PTC Industries Limited reported total income of Rs. 342.23 crore with a RoNW of 4.40 percent. MTAR Technologies Limited achieved a total income of Rs. 681.15 crore and a RoNW of 7.26 percent. Dynamatic Technologies Limited recorded total income of Rs. 1,426.60 crore with a RoNW of 6.00 percent.
Omnitech Engineering Limited’s net asset value per share stands at Rs. 19.82, compared to Rs. 215.70 for Azad Engineering Limited, Rs. 131.53 for Unimech Aerospace and Manufacturing Limited, Rs. 925.42 for PTC Industries Limited, Rs. 236.97 for MTAR Technologies Limited, and Rs. 1,056.48 for Dynamatic Technologies Limited.
Strengths of Omnitech Engineering Limited
- Strong promoter leadership with deep engineering and manufacturing expertise.
- Established manufacturing facilities strategically located within Gujarat industrial ecosystem.
- Diversified customer base across multiple industrial and engineering segments.
- Structured governance framework aligned with Companies Act and SEBI regulations.

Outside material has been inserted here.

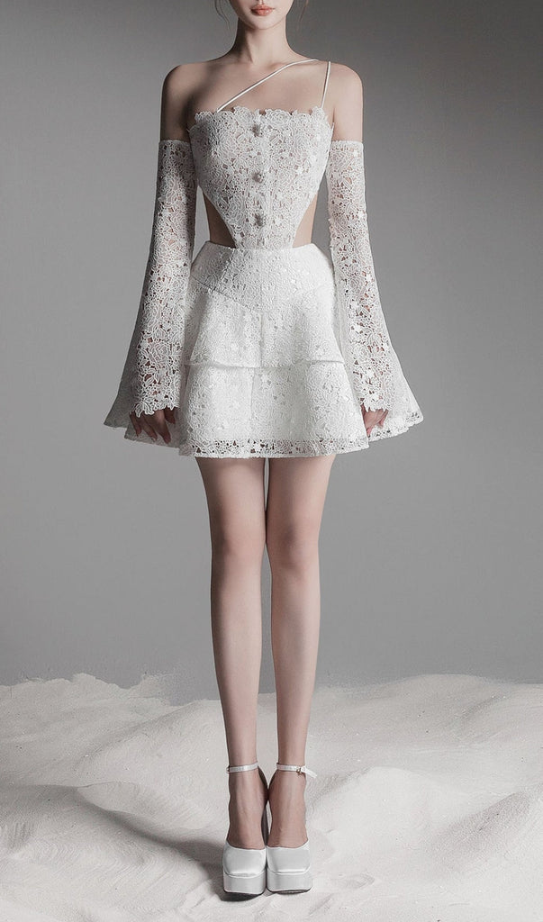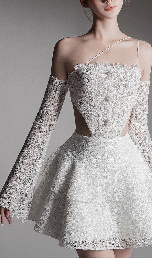 カットアウトレースのディテール、フィット&フレアシルエット、そして美しいVネックラインが特徴のエレガントなミニドレス。夜のお出かけや特別なシーンにぴったりで、きっと注目を集めること間違いなし!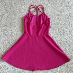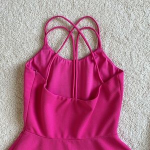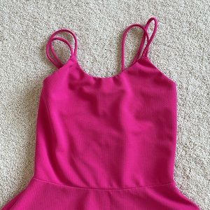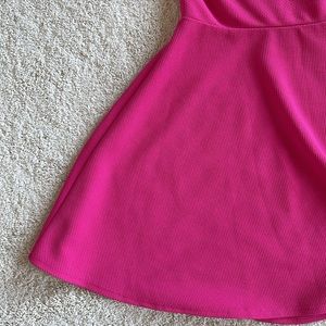 A flowy pink dress perfect for an event or a casual sunny day! Soft ribbed material, has a zipper on the side for flexibility.

- Planned capacity expansion through proposed facilities supports future growth.
Weaknesses of Omnitech Engineering Limited
- Revenue depends on industrial demand and capital expenditure cycles.
- High working capital requirements may affect short term liquidity position.
- Manufacturing operations face risks from supply chain disruptions.
- Competitive industry environment may pressure pricing and profit margins.
- Significant reliance on promoter leadership for strategic direction.
Omnitech Engineering Limited IPO offers investors exposure to India’s precision engineering sector. The company combines manufacturing capabilities with expansion plans. Investors should evaluate financials, risks, valuation, and grey market signals before investing.